Citigroup Inc. is planning its first sale of bonds tied to new home loans without government backing since the market’s collapse in 2008.
About $210 million of prime jumbo mortgages acquired by the New York-based company’s investment bank from lenders back the deal,
“The ratings reflect transactional strengths that include high quality underlying assets, well qualified borrowers and satisfactory third-party due diligence review,” DBRS said.
Scott Helfman, a spokesman for Citigroup, declined to comment.
Nonagency bond issuance was growing earlier this year after halting five years ago amid tumbling home values and soaring defaults.
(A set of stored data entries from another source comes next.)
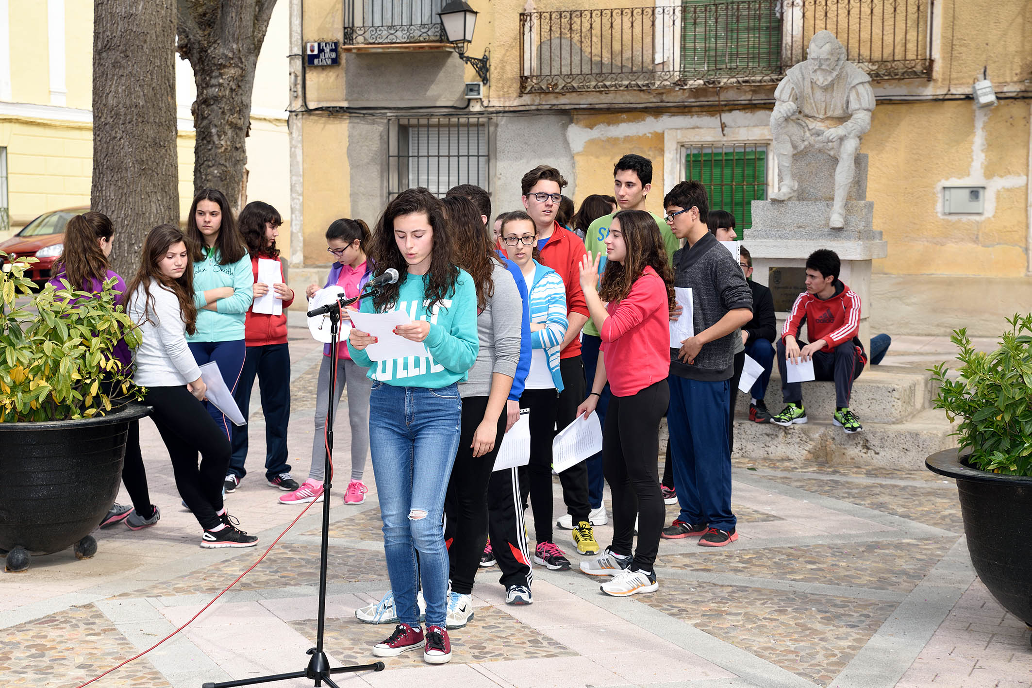 Alumnos del IES “Vicente Cano” y del CEIP Ntra. Sra. de Peñarroya han homenajeado este jueves 23 a Miguel de Cervantes, cuando se cumplen 399 años de su fallecimiento, en un acto organizado por la Asociación Cultural “Los Académicos de la Argamasilla” en colaboración con el Ayuntamiento de Argamasilla de Alba.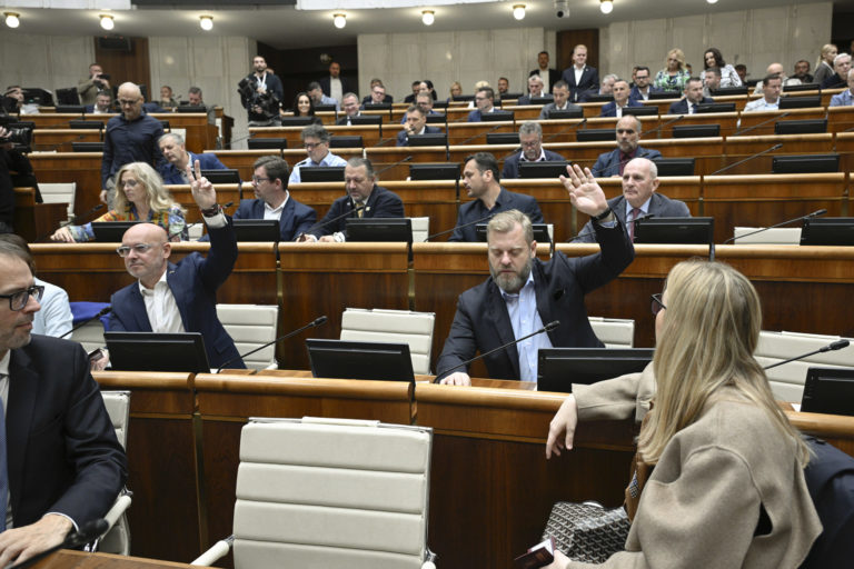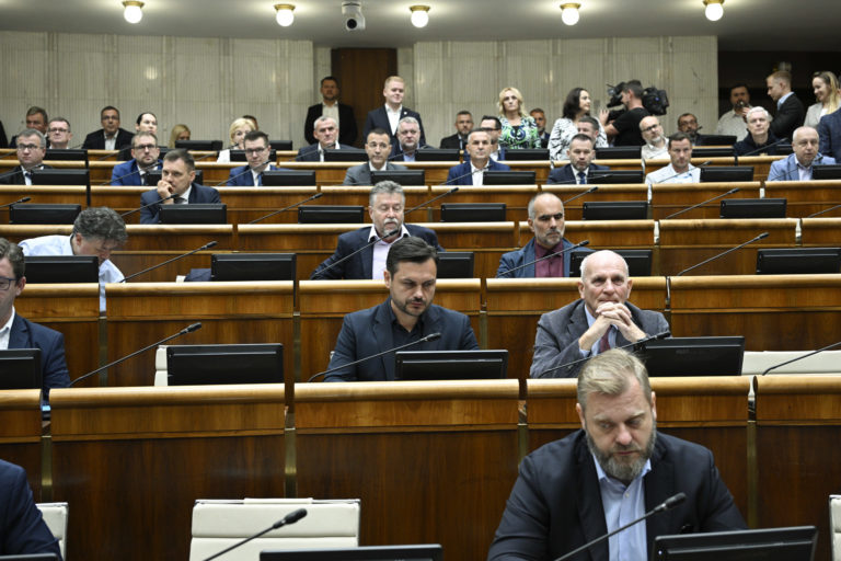 Atmosféra v rokovacej sále parlamentu počas skúšky digitálneho kongresového systému Národnej rady (NR) SR za účasti zvolených poslancov NR SR. Bratislava, 24. október 2023. Foto: SITA/Milan Illík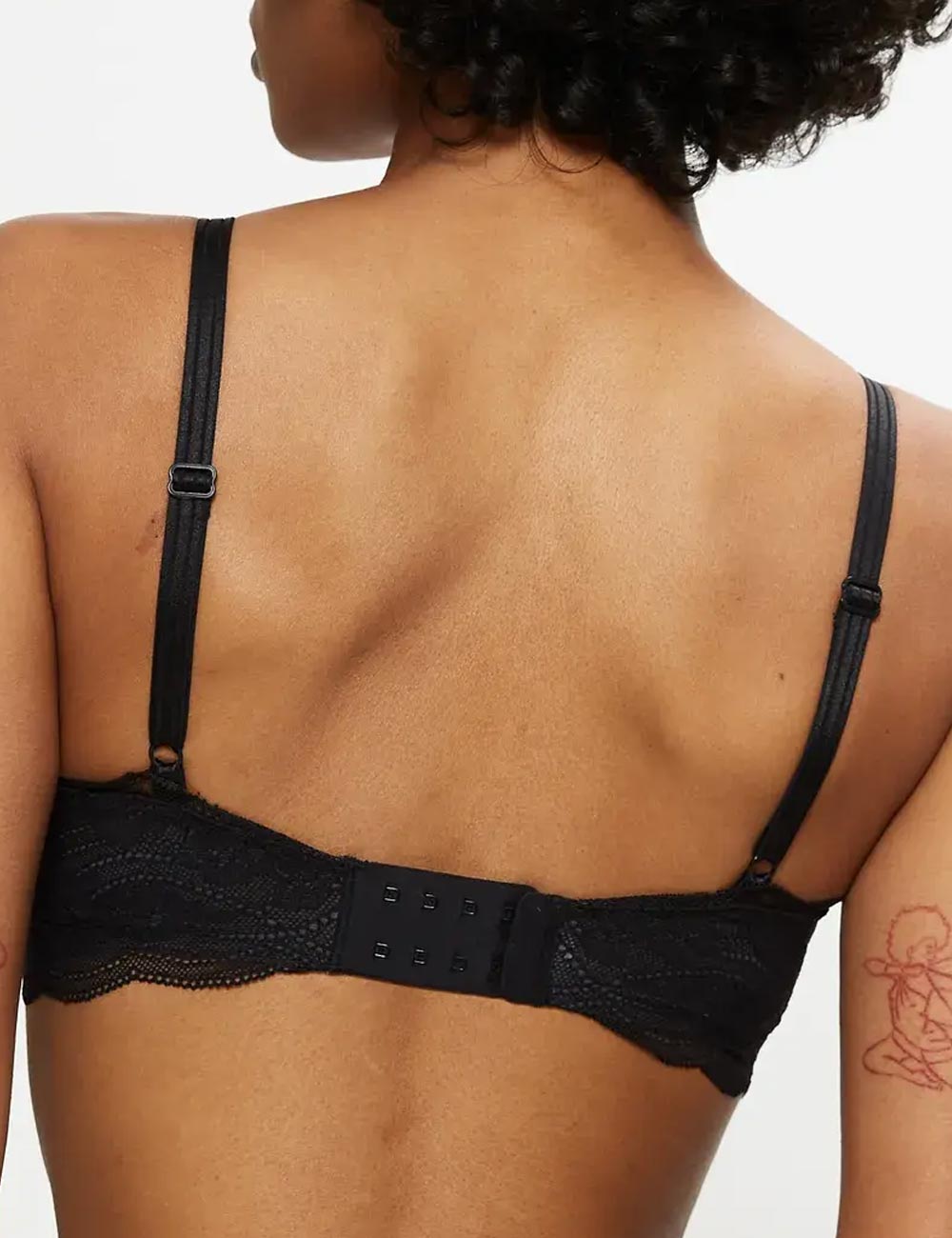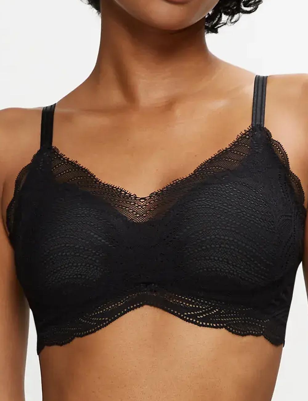 Triumph LIFT SMART P EX — бескаркасный бюстгальтер с уплотнёнными чашками, который создаёт естественный и незаметный эффект пуш-ап, обеспечивая комфорт на протяжении всего дня. Чашки и боковые панели выполнены из переработанного однослойного эластичного кружева в чёрном цвете, что придаёт изделию элегантный вид и экологичность.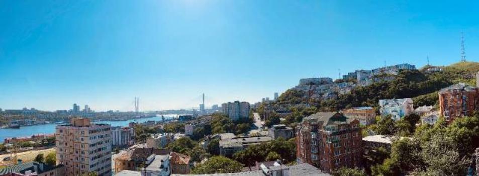 Видны: центр города, бухта Золотой Рог с вантовым мостом, остров Русский, Амурский залив.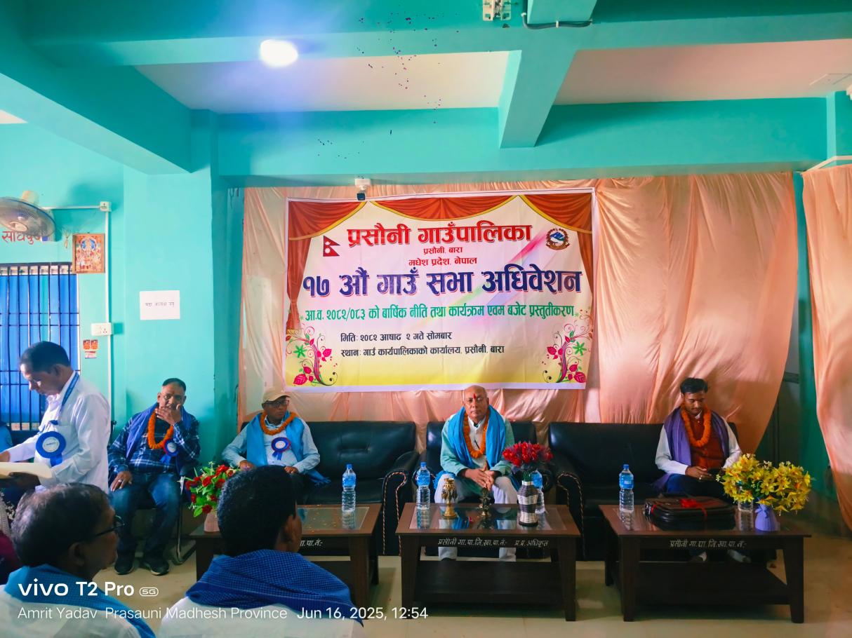 आ.व. २०८२।०८३ को वार्षिक नीति तथा कार्यक्रम एवम् बजेट प्रस्तुतिकरण आज मिति २०८२।०३।०२ गते सोमवारका दिन गाउँ सभाका सभा अध्यक्ष श्री विनोद प्रसाद जैसवाल ज्यूको अध्यक्षतामा गाउँ सभा सदस्य ज्यूहरु, कर्मचारी मित्रहरु, समाजसेवी लगाएत पत्रकार मित्रहरुको उपस्थितिमा सम्पन्न भएको छ ।

There have been about $12.5 billion in deals tied to new loans this year. There were $3.5 billion in all of 2012 and a peak of $1.2 trillion in each of 2005 and 2006, according to data compiled by Bloomberg. Citigroup has helped underwrite post-crisis deals by other issuers and sponsored transactions that packaged older bonds and loans.
A weakness of the bank’s planned transactions is that Citigroup’s “backstop” on the warranties of loan quality provided by originators can lapse after a certain period of time, DBRS said.
Jumbo home loans are ones larger than allowed in government-supported programs, currently as much as $729,750 for single-family properties in high-cost areas. Limits for Fannie Mae and Freddie Mac loans with the lowest costs for most types of borrowers cover a range from $417,000 to $625,500.